Le fait que le comité ne détaille pas les facteurs dégénératifs ne peut conduire à écarter son avis alors que le principal facteur d’un processus dégénératif est l’âge et que M. [R] était âgé de 49 ans lors de la première constatation médicale des pathologies et qu’il souffre d’une maladie constitutionnelle (canal lombaire étroit).
L’ensemble de ces éléments n’est pas suffisant pour contester les avis motivés de deux comités composés de spécialistes en pathologies professionnelle ni pour établir de manière certaine que l’activité professionnelle de M. [R] est la cause essentielle c’est-à-dire principale de ses pathologies.

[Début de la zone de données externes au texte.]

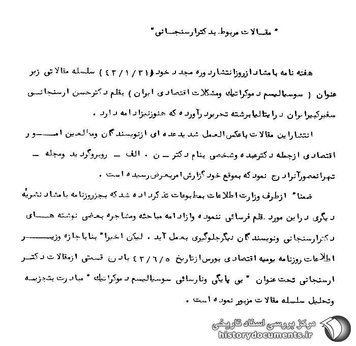 [63]. کابینه حسنعلی منصور به روایت اسناد ساواک، تهران: 1384، مرکز بررسی اسناد تاریخی، ج 2، ص 216.
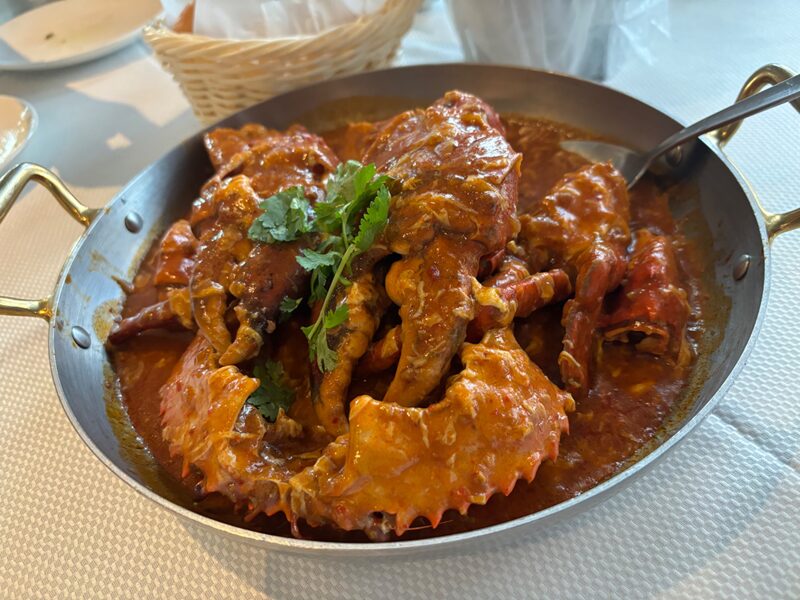チリ、トマト、卵で作られたとろみのあるソースに、カニを丸ごと煮て調理されるシンガポールの名物ローカル料理、チリクラブ。まろやかな辛みなので誰でも食べやすく、観光客にも人気の一品です。
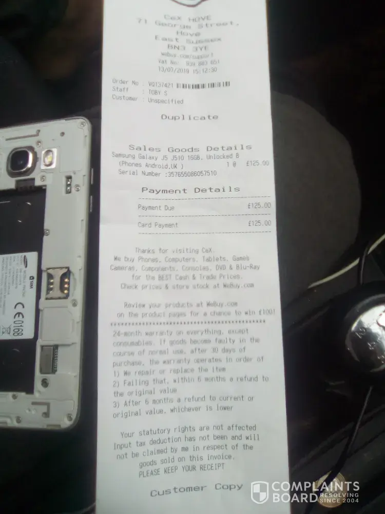 • I recently purchased a phone from your Hemel Hempstead store on the 13th July, this phone was an iPhone 5c in blue and was £70. I had lost my phone the previous night so I went straight to cex to purchase a new phone and found this one straight away. The lady that served up was very polite and patient as we asked questions about the phone. The phone looked in good condition so I took the phone home in my girlfriends bag and by the time I got home I took the phone out and the top right hand side of the screen had popped out so the following day i took the phone back down with the receipt and explained what happened only to be told by the supervisor who was visibly nervous and shaking making me feel very uncomfortable, that there's nothing he could do due to the phone being in working order when passed over the counter. He then went on to say we have checked the cameras and the phone wasn't popped out when it was purchased which is correct but not once did I say that it was. I have said the phone looked in good condition or I wouldn't have purchased it. This then made me feel embarrassed and belittled in front of customers as he was accusing me of saying the phone was already broken. There is nothing I could have done about the screen popping out whilst it was in my bag. 24 month warrenty and I didn't even have the phone for 24 hours and spent 70 pound that I did not have because I needed a phone and I always use cex to trade my games and buy games so I thought it was reliable. I then had to go and buy a phone case to protect the screen so it didn't get more damage. I got told to email customer services and to leave the store without a replacement or refund. Over the past 2 days I have now realised that the phone gets to around 40% and the battery dies so a thorough check hasn't been done on the phone before taking my money. This is not acceptable these faults are none of my own and I now have a phone that the screen is dangerous and could come off at any time and a battery that dies with 40% left. Again none of this was said to me before my purchase or I would have chosen a different phone. I was. Willing to take a replacement on the day but after the shocking and disgusting way I've Neen treated as a loyal customer I want a full refund as the phone is not working to the standard I was promised as the buyer. Thank you for your time and I hope to hear back from you as soon as possible to resolve this issue.
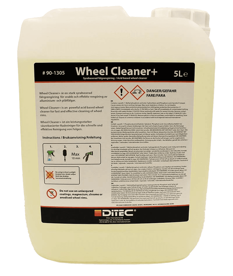 Ikke på lagerWheel Cleaner CS er en effektiv felgrens av høy ytelse GEL for dekk og felger som er syrefritt. Det er en kraftig rensemiddel som fjerner smuss, bremsestøv og andre skittrester fra felgene og dekkene dine. Det er enkel å bruke og kan brukes på både stål- og aluminiumsfelger. Det er også biologisk nedbrytbart og inneholder ikke skadelige kjemikalier, noe som reduserer risikoen for skader på mennesker og miljøet. Brukervennlig produkt Ikke-giftig Ikke-rykende og duftende - en total fornøyelse å jobbe med. Ikke-etsende for huden. Ikke-korrosiv til bløtt stål. Alle brukervennlige funksjoner gjør Ditec Wheel Cleaner CS mye sikrere i bruk enn konvensjonelle syrebaserte hjulrensere.
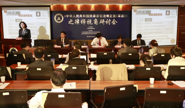 2011年11月22日下午,鸿发国际民事业务研究委员会、劳动法业务研究委员会联合主办的“《民事诉讼法修正案(草案)》之律师视角”大型研讨会在市律协35楼报告厅隆重举行。研讨会上重点就两家研究会牵头起草的《鸿发国际关于民事诉讼法法修订建议稿》、全国律协布置的民事诉讼法中涉及的“涉外篇”修改意见以及劳动争议视角的修改建议进行认真研讨和专家论证。
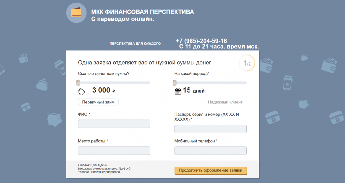МКК Финансовая перспектива специализируется на выдаче займов на длительный срок - до 6 месяцев с лимитом до 35 тысяч рублей. Деньги можно получить наличными или на расчетный счет в банке. Заявки рассматриваются онлайн в течение 20 минут.
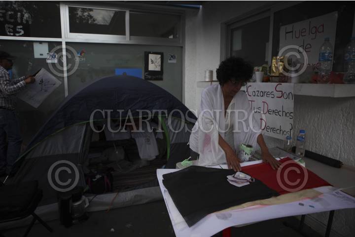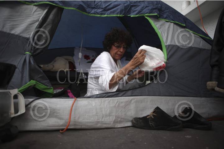 MORELIA, MICHOACÁN, 09DICIEMBRE2014.- La médico forense Graciela Delgado, quién amagó el pasado domingo con suturarse la boca si el día de hoy no era resuelto su caso, desistió y concluyó huelga de hambre que mantuvo durante 19 días a las afueras de la Comisión Estatal de los Derechos Humanos (CEDH). La ex trabajadora de la Procuraduría Estatal de Justicia del Estado (PGJE), se encuentra cerca de darle fin a un litigio de casi 4 años, tras llegar a un arreglo monetario. FOTO: ALAN ORTEGA /CUARTOSCURO.COM
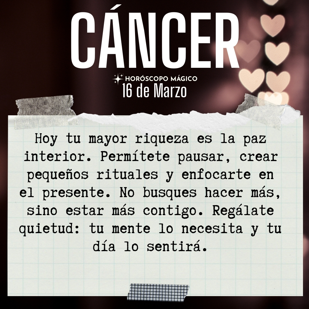 Tu mente lo agradecerá y tu día tomará otro color. Sentirás que, aunque las circunstancias no cambien, tu manera de habitarlas sí puede transformarse. Permítete este regalo, porque mereces vivir en paz contigo, incluso en medio del ruido. Hoy, más que nunca, elige cuidarte desde adentro.
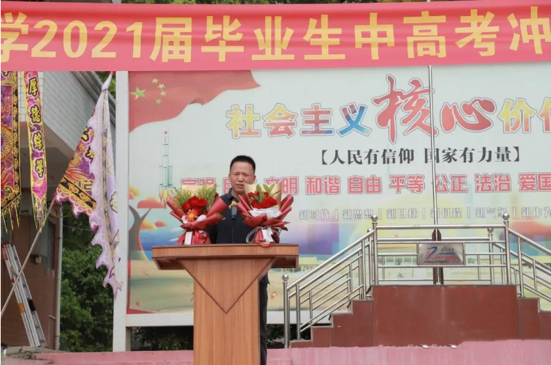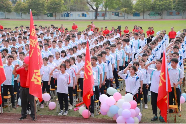 為激發學生的拼搏精神,促進學生樹立良好心態投入到中、高考備戰中去,博羅縣三鄉中學于3月16日下午,在學校足球場上隆重舉行中、高考百日沖刺誓師大會暨高三成人儀式。三鄉中學黨總支書記、校長林偉聰等全體行政及全校師生共2000多人參加了本次盛會。
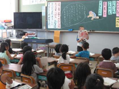 国語科では,「おむすびころりん」の学習をしています。これまで,宿題で練習してきたことを生かして,リズムよく元気に読んでいます。おにぎりの動きを体を動かしたり,テレビを見たりして学習しました。最後には,グループで劇をしてよかったところを発表します。日本の昔話を楽しんでほしいと思います。
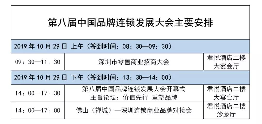 2019年10月29-30日,第八屆中國(guó)品牌連鎖發(fā)展大會(huì),“價(jià)值先行重塑品牌”等你來(lái)!
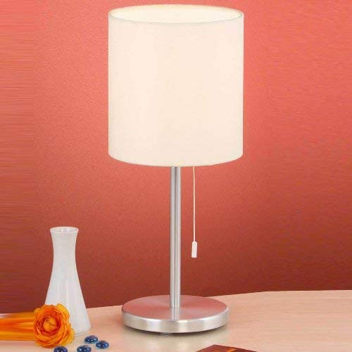 Eglo - Lampada da tavolo, Alluminio, E27, in alluminio spazzolato/Beige, 16 x 16 x 37.5 cm
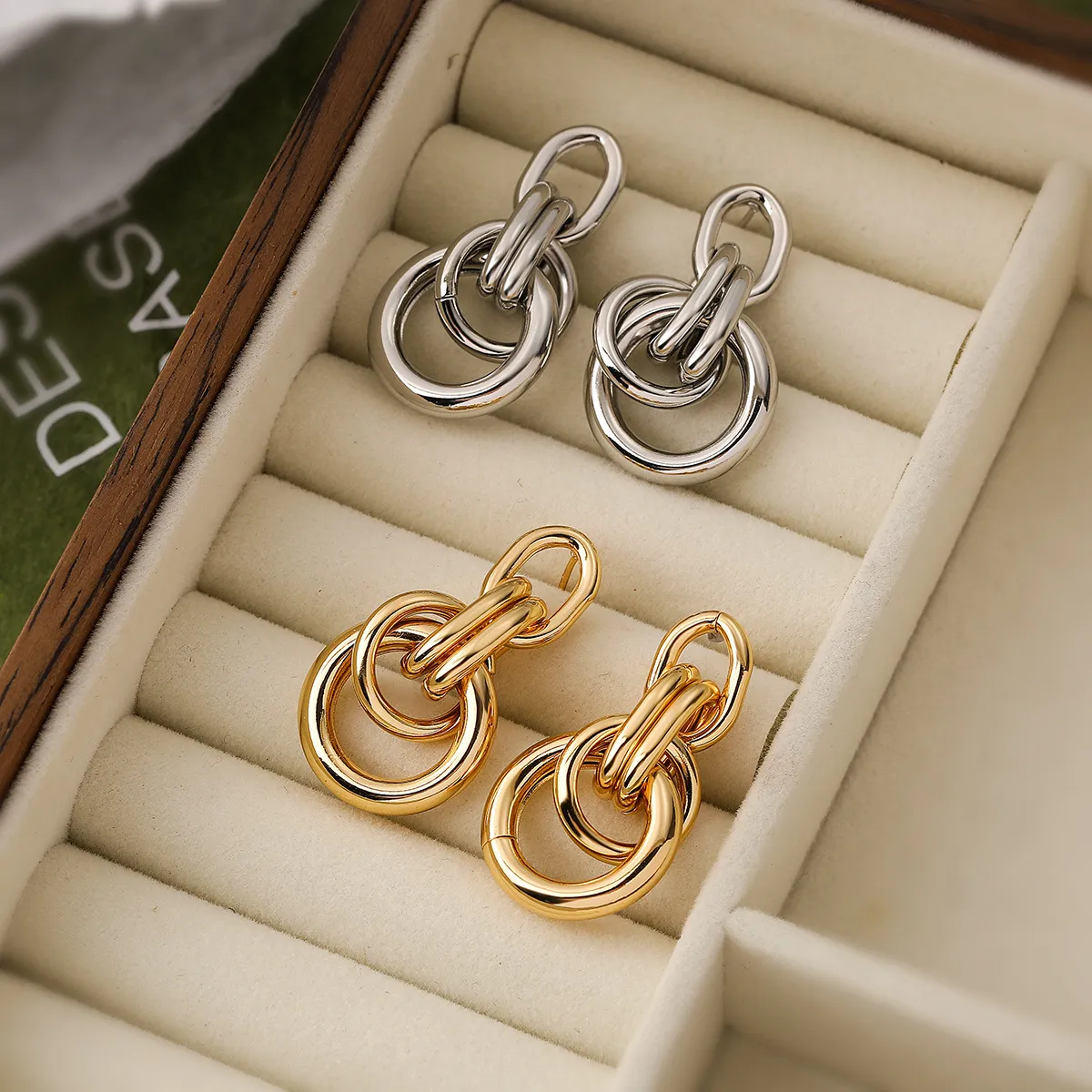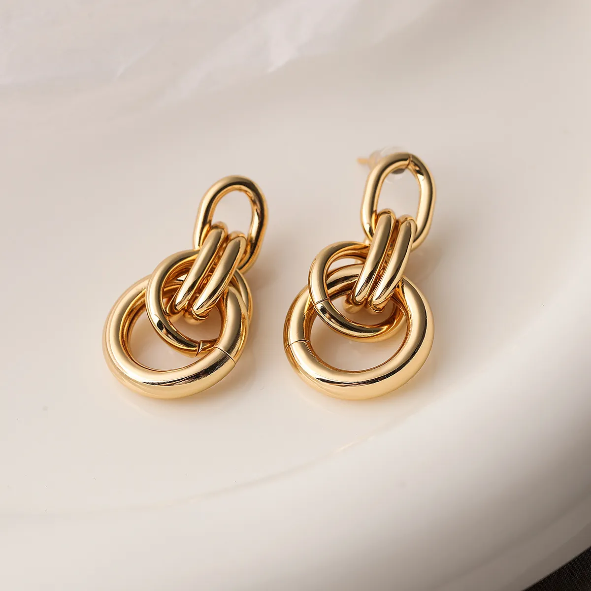 Real Gold Geometric Earrings – INS High-profile Wild Style

Succombant, il sera condamné aux dépens.
PAR CES MOTIFS
Le tribunal judiciaire de Grenoble, Pôle social, après en avoir délibéré conformément à
la loi, statuant par jugement contradictoire, rendu en premier ressort et par mise à disposition au greffe de la juridiction,
DÉBOUTE Monsieur [C] [R] de ses demandes ;
LE CONDAMNE aux dépens.
Ainsi fait et prononcé par mise à disposition au greffe les jour, mois et an que dessus, en
application de l’article 450 du Code de Procédure Civile et signé par Madame Anne-Laure
CHARIGNON, Présidente, et Monsieur Yannik DESPREZ, greffier.
Le Greffier La Présidente
Rappelle que le délai pour interjeter appel est, à peine de forclusion, d’un mois, à compter de la notification de la présente décision (article 538 du code de procédure civile). L’appel est à adresser à la Cour d’Appel de [Localité 13] – [Adresse 14].